Slipped again. Yep let the job get to me and I vowed a while back not to let that happen. It isn’t worth it. As the old-timers would say “make it work for YOU.” And how right they are. So as we embark on a new week I’m getting my mind right and coming up with a new plan. Hopefully, it will inspire some new work and time spent on my pursuits.
It’s difficult to do though. I’ve wasted some time this weekend thinking about some communications, and that has me mad at myself. Good thing I know time is short and getting back on a positive track will release the hesitancy in these fingers again to let the positive thoughts flow freely.
The need to change my thinking and mindset is also in the works. Someone important to me told me of a story long ago about how my own internal motivation is something others have seen and used, not always to my advantage.
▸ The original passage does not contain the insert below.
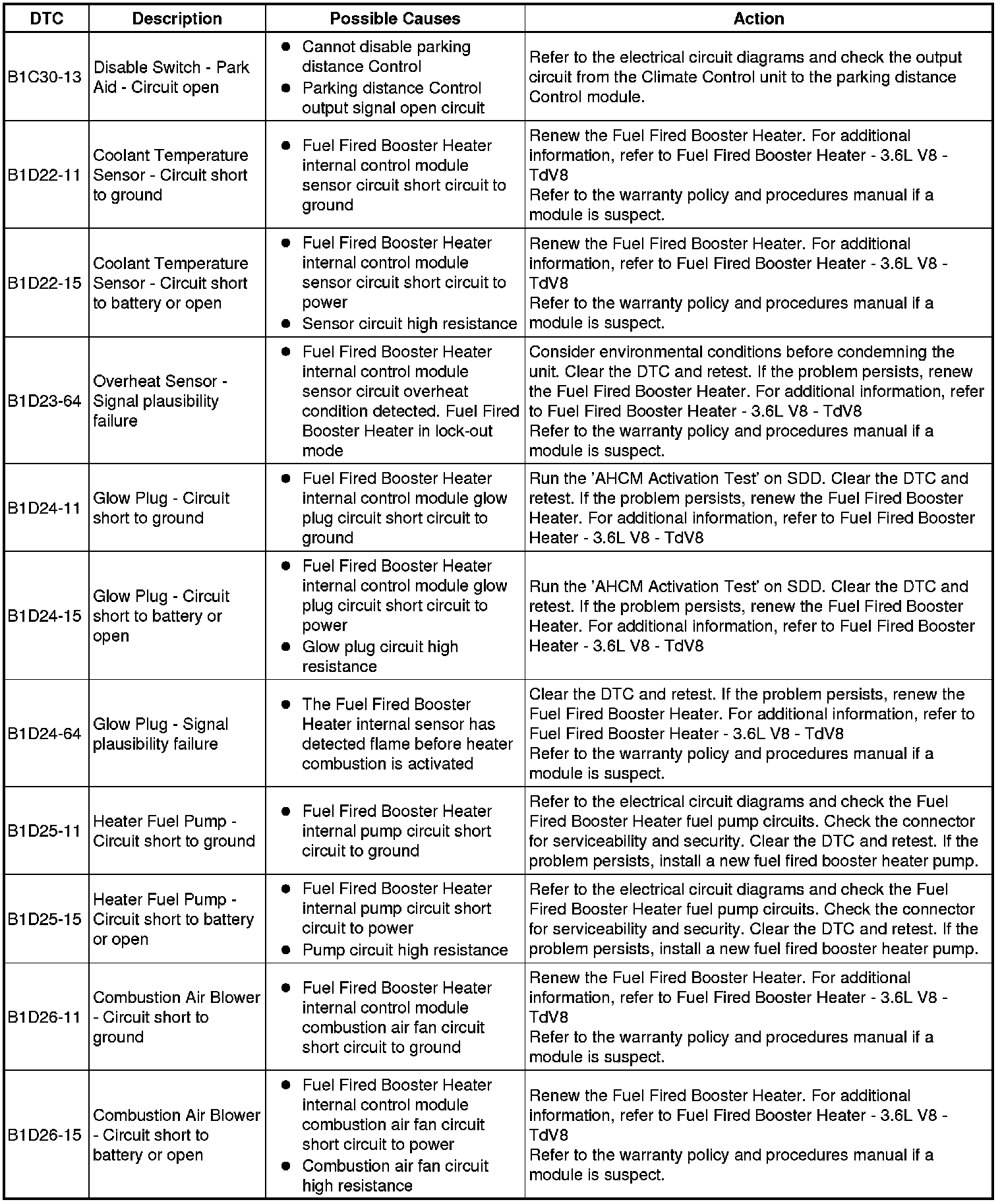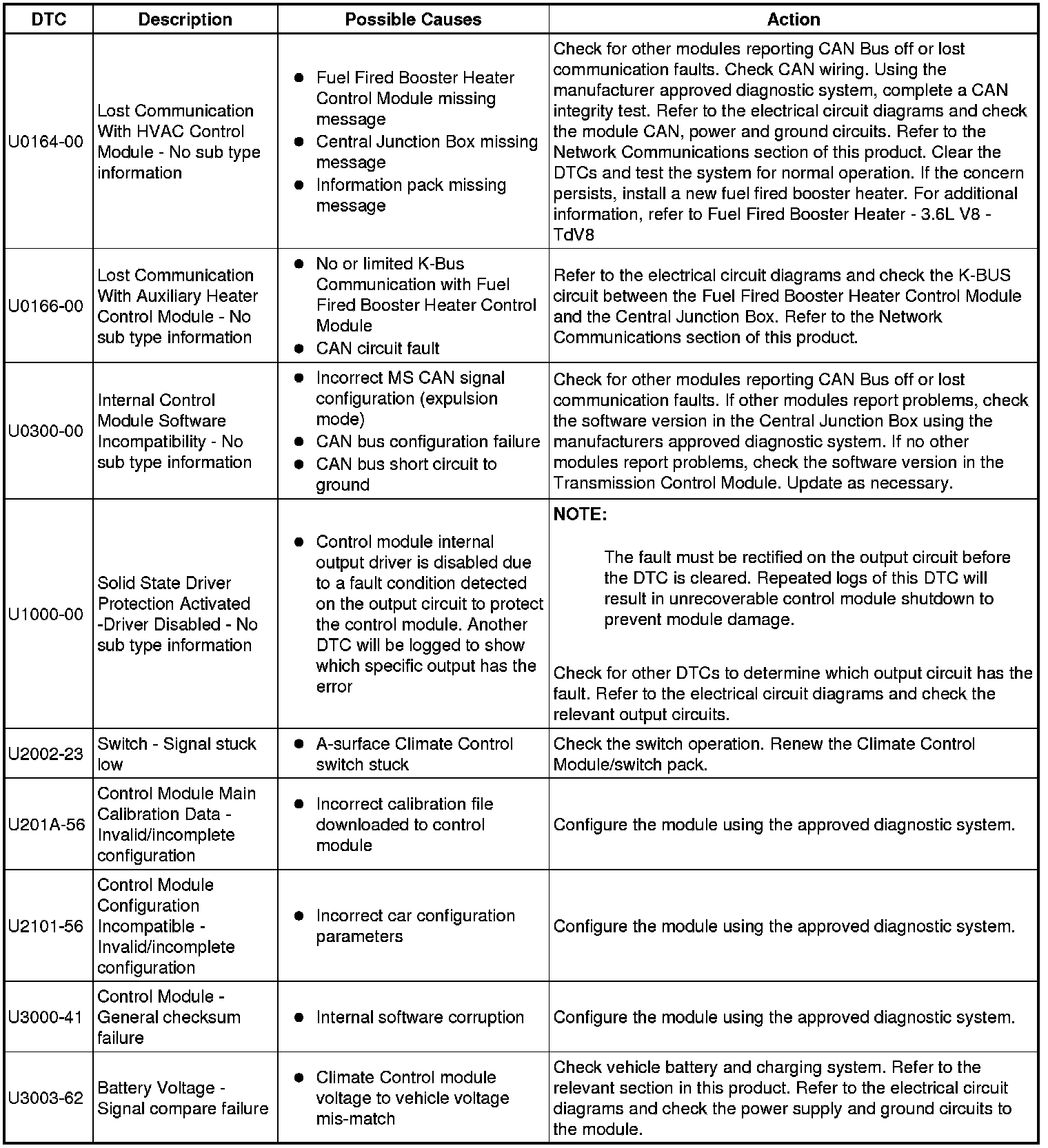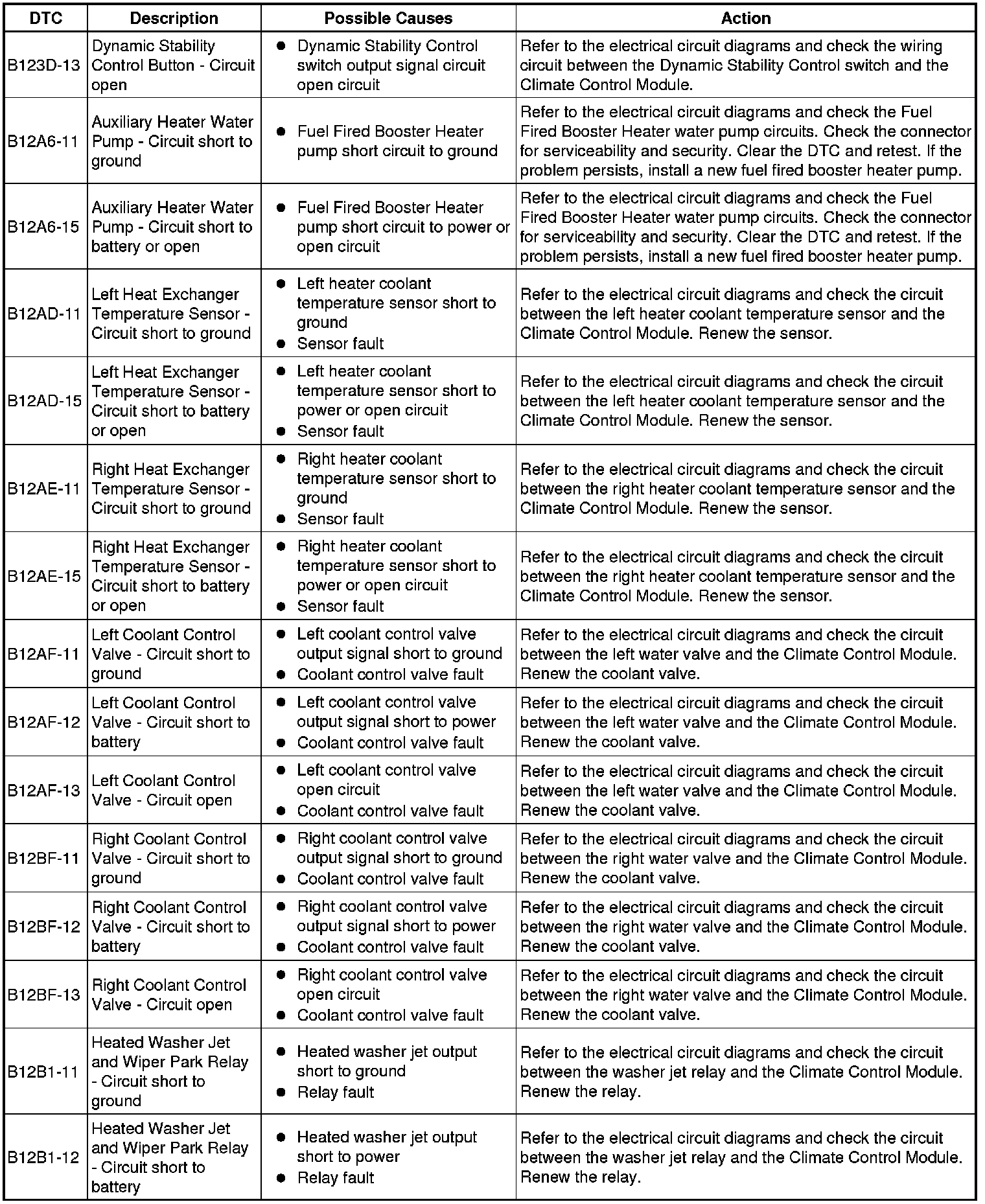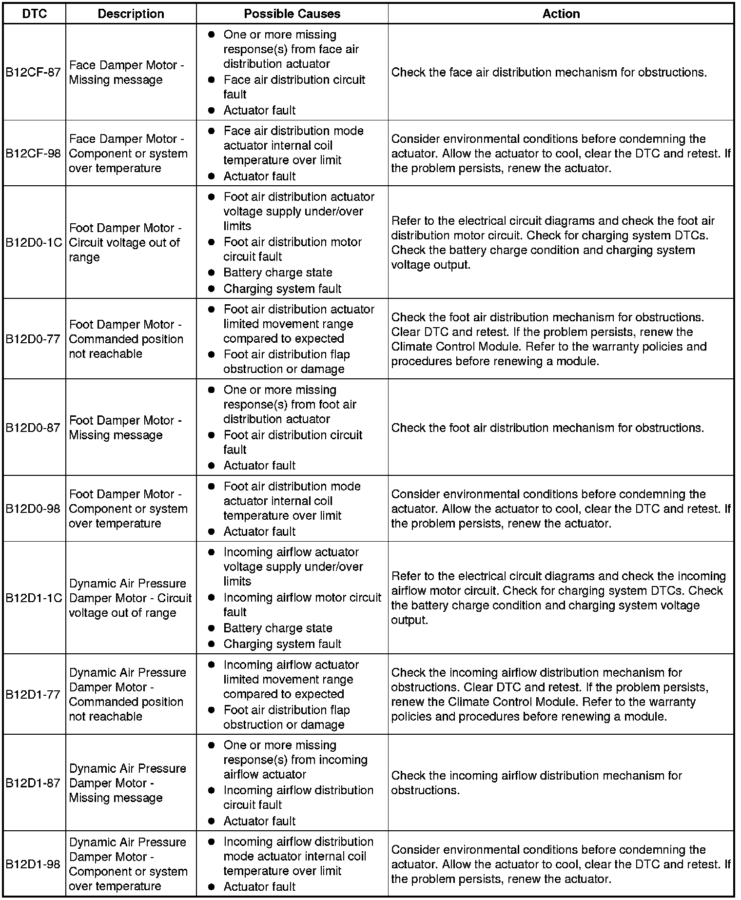 The table below lists all Diagnostic Trouble Codes (DTCs) that could be logged in the Climate Control Module, for additional Diagnosis and Testing information refer to the relevant Diagnosis and Testing Section. For additional information, refer to Climate Control System Testing and Inspection

And I’ve continued on this misguided mission to varying degrees over my life. Sometimes when I even say something like that I feel I’m being selfish but I’ve got to learn that is ok sometimes.
It was also an easy thing to do when surrounded by similarly motivated and dedicated people. But times change and so must I. Live and learn, is the phrase I believe. And it’s good to keep learning even into our senior years.
Work has always been very important to me. I’ve prioritized it and looked at it as something it wasn’t for a lot of my life. I’m not saying being passionate about your work is a bad thing. I guess it’s like the process professional athletes go through. They are playing a game but once it turns professional they are looking at it as a business. I forgot to look at it as a business. It’s easy to do in small or family-run organizations. And even that mindset is hard to change when you go to a big organization.
I think I’ll schedule some vacation time when I get to the office to open up the week. Got to have that balance, been working too hard. Time for a little R&R, even if it’s just for a few days sprinkled around here and there.
So I hope everyone has a good week ahead.
Random Thoughts of the Day
Starting to feel the turnaround in spirit.
To force myself to shoot more each day I think I’ll add a shot of my home county every day. It will be good to get out or take a different route or just practice shooting every day.
I am so looking forward to the family vacation this year.
I will not let the rain dampen my spirits this week. Well, maybe a little if I get caught in it too much.